Wyboistą drogę Julii Wieniawy na Bali - ukochaną wakacyjną destynację celebrytów - jeszcze kilkanaście tygodni temu śledziła niemalże cała Polska. W rozpaczliwym wyznaniu opublikowanym w połowie lipca zeszłego roku, gwiazda młodego pokolenia pożaliła się, że "sama nie wie, jakim cudem nie udało się jej jeszcze dotrzeć" do swej wymarzonej wyspy. Powodem tak straszliwego zaniedbania miał być jednak bardzo napięty grafik aktorki, który znacznie ograniczał jej turystyczną swobodę.
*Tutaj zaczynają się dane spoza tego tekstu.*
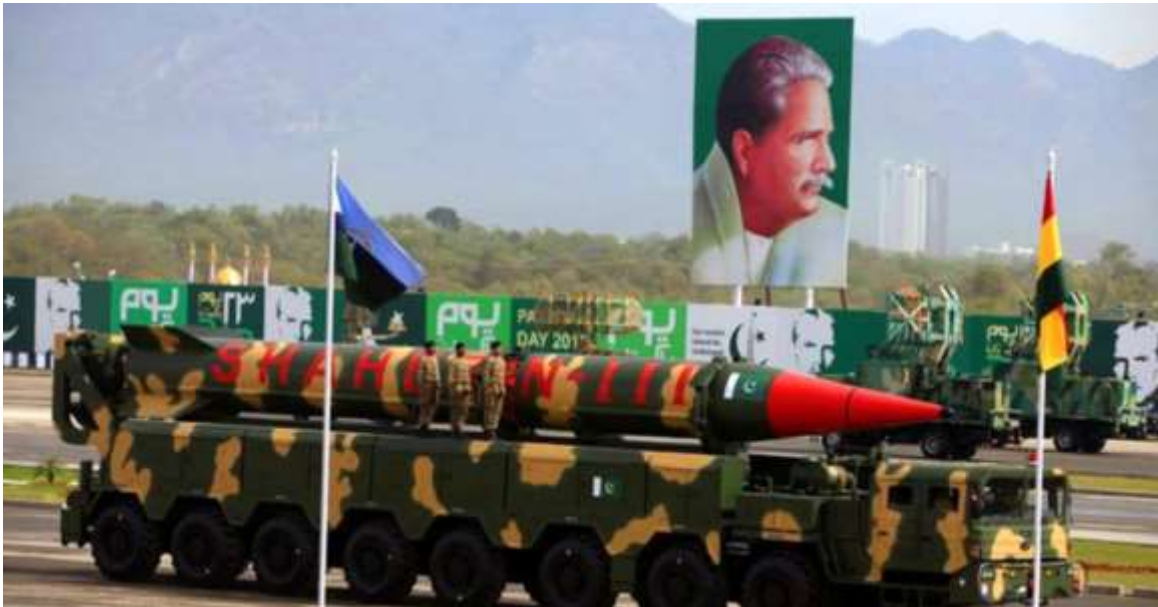
Фото в свободном доступе

БРСД "Шахин-3". Самая дальнбойная ракета Пакистана. На испытаниях была достигнута дальность около 2500 км

Przypomnijmy: Julia Wieniawa narzeka na Instagramie: "Nigdy nie byłam na Bali, nie wiem, JAKIM CUDEM to się jeszcze nie wydarzyło"
Na szczęście Julce udało się nareszcie spełnić marzenie o taplaniu się w lazurowej wodzie już w listopadzie. Podekscytowana globtroterka nie zapomniała, rzecz jasna, o podzieleniu się z nami obszerną fotorelacją ze skoncentrowanego na poznawaniu tajników jogi wypadu, na którym miała zresztą przyjemność zawiązać bliższą relację z kojarzoną z Top Model Anną Markowską.
Mimo że od rzeczonej wyprawy minęły już prawie dwa miesiące, Julka myślami nadal przebywa chyba w Indonezji. O tym, że Bali zapadła jej głęboko w pamięci może świadczyć chociażby fakt, że gwiazda ponownie zamieściła na swoim instagramowym koncie fotografię z tropików. Sprażona słońcem Julka pozuje na zdjęciu w białym, dwuczęściowym kostiumie kąpielowym, unosząc sugestywnie boczne części majtek, czym zaprezentowała światu linie graniczne swojej opalenizny w okolicach bikini.
"Bali, tęsknię za tobą" - czytamy na oficjalnym profilu Julki.
Myślicie, że Wieniawa wróci niedługo do Indonezji, aby znowu razić nas po oczach swym luksusowym urlopem?